*PROBLEM STATEMENT*:
Starting at the line below with "Linienleuchte als Wand, und" and stopping at the line with "这也带动整体的月交易手续费增长至数十万 STX,平均单笔交易手续费在 0.25-0.75", please print each line exactly, those two included, and skip every picture.

** Opening RECORDS PROVIDED block **

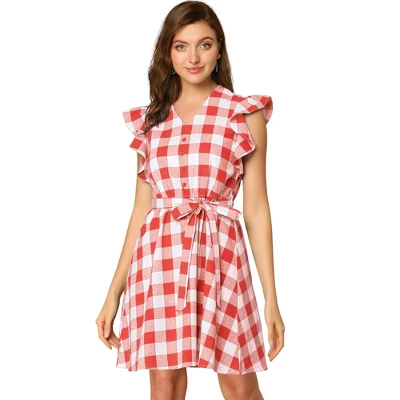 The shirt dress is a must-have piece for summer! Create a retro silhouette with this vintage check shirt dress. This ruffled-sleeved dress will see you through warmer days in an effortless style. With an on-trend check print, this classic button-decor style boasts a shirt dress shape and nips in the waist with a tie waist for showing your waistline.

** Closing RECORDS PROVIDED block **
** Opening RECORDS PROVIDED block **

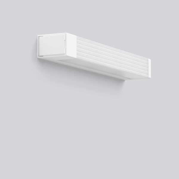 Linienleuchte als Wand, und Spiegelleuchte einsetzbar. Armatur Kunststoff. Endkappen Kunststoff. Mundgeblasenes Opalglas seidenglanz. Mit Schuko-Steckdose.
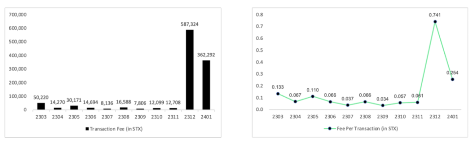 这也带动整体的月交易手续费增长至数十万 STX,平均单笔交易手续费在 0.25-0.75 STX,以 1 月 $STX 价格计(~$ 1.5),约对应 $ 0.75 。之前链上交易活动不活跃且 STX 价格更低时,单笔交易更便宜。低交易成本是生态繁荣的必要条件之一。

** Closing RECORDS PROVIDED block **

*EXPECTED OUTPUT*:
 Linienleuchte als Wand, und Spiegelleuchte einsetzbar. Armatur Kunststoff. Endkappen Kunststoff. Mundgeblasenes Opalglas seidenglanz. Mit Schuko-Steckdose.
 这也带动整体的月交易手续费增长至数十万 STX,平均单笔交易手续费在 0.25-0.75 STX,以 1 月 $STX 价格计(~$ 1.5),约对应 $ 0.75 。之前链上交易活动不活跃且 STX 价格更低时,单笔交易更便宜。低交易成本是生态繁荣的必要条件之一。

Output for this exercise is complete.